Hemp in China: A Hemp Growing Superpower
Written by: Ellijah Pickering – Ministry of Hemp
Ever wondered where your hemp product comes from? More likely than not, it came from China, the world’s largest source of hemp agriculture.
While China grows more acres of hemp than any other nation, in some ways their regulations are far more strict than the U.S. For example, China is only just starting to allow hemp’s use in beauty products! Even so, at once time China grew 70% of the world’s hemp, and its the source of most of the imported hemp in the United States.
In this article, we’ll take a closer look at where hemp is grown in China and how it’s used there.
Chinese people used hemp since before the beginning of recorded history. Hemp was used in medicine, oil, rope, food, paper and clothing. The oldest known example of paper comes from China. It was made from hemp, rags, and other plant materials.

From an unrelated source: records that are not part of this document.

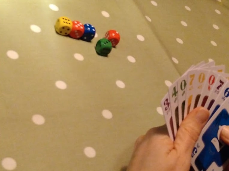The game then plays out as a standard trick-taker: one player leads, everyone else must follow suit if they can. If you can’t, you can play anything. Everyone can play either a card or one of their dice – with one critical exception. The last die you have left when the others have been played becomes your bid for how many tricks you’ll win! When all cards and non-bid dice have been played, everyone scores a point for each trick they won, plus a bonus if they hit their bid (you can also bid zero, but must do so before trick-taking starts). After three or four rounds (for three or four players) the player with the most points wins.
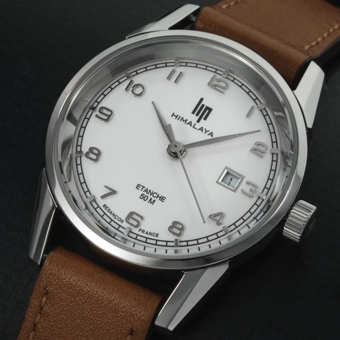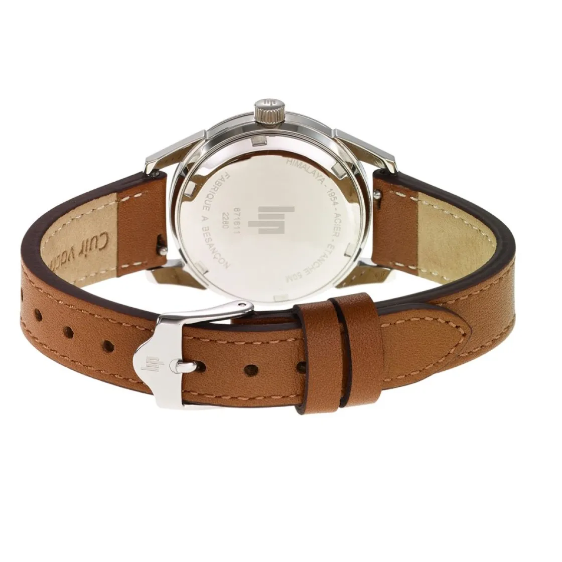 Montre de la collection Himalaya, mouvement quartz 2 aiguilles, dateur à 3h, cadran argenté, boitier acier sur bracelet acier cuir brun.
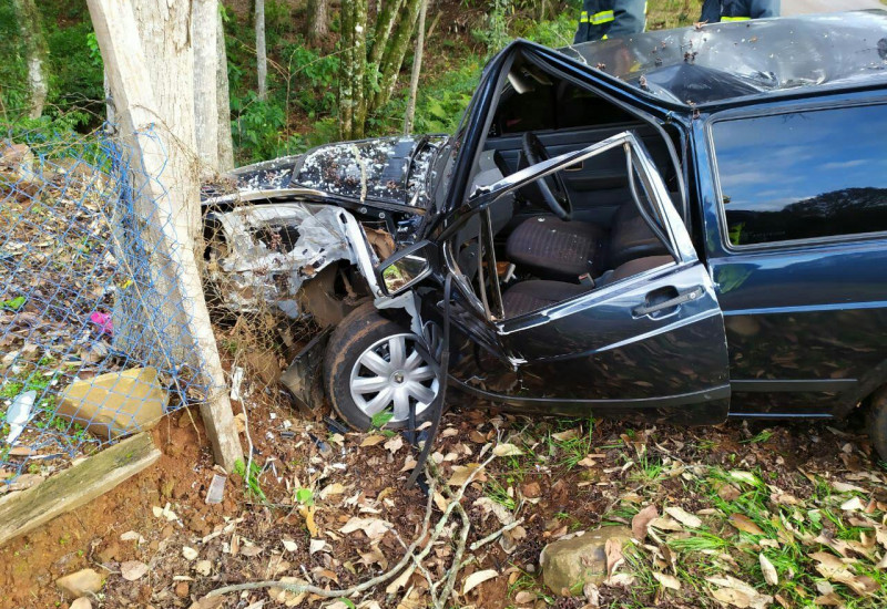 De acordo com informações do Corpo de Bombeiros, um Volkswagen Voyage, com placas de Pinhalzinho, saiu da pista e acabou colidindo em uma árvore.
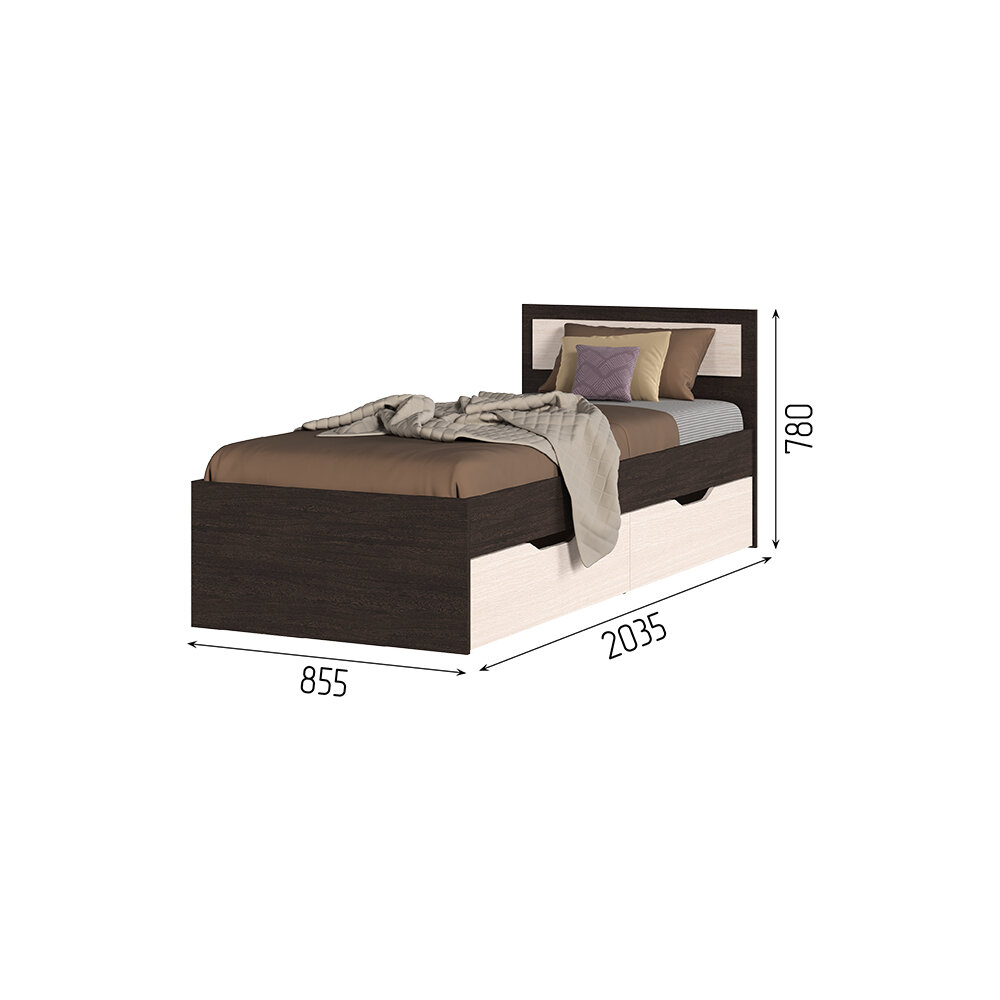 Односпальная кровать с ящиками Стендмебель, Гармония КР 607, 85х203х78см, венге-белфорт информация:

Even though hemp was an important part in China’s history, it was affected by the harsh drug restrictions of past governments, especially under Communism. These restrictions saw harsh punishments for drug use, cultivation and transportation, sometimes even resulting in the death penalty.
Seated on the ground, a Chinese worker collects hemp twine for rope. China is the world’s leading provider of hemp and hemp-based products.
Then, after signing United Nations Convention on Psychotropic Substances in 1985, China banned all cultivation of the cannabis plant. Culturally, this increased the stigma against the cannabis plant with the Chinese people.
It’s only since 2010 that China started to loosen its grip on the hemp industry, and companies still have to abide by very strict regulations. But, with the undeniable popularity of hemp products in the United States, Canada and all throughout Europe, China simply couldn’t afford to stay out of this quickly growing industry. With this pressure growing, China is looking into further expanding, hopefully allowing more uses like food and modern medicine.
China allows hemp growing in just two regions: Yunnan Province in the south & Heilongjiang Province in the north.
Together, these two provinces account for more than half of the world’s total hemp production and 1/3rd of total world hemp sales. Textiles make up about 3/4ths of those sales according to New Frontier data. Other products like cosmetics, CBD, food and supplements make up the rest. The hemp textile industry is large and China’s biggest money-maker so far.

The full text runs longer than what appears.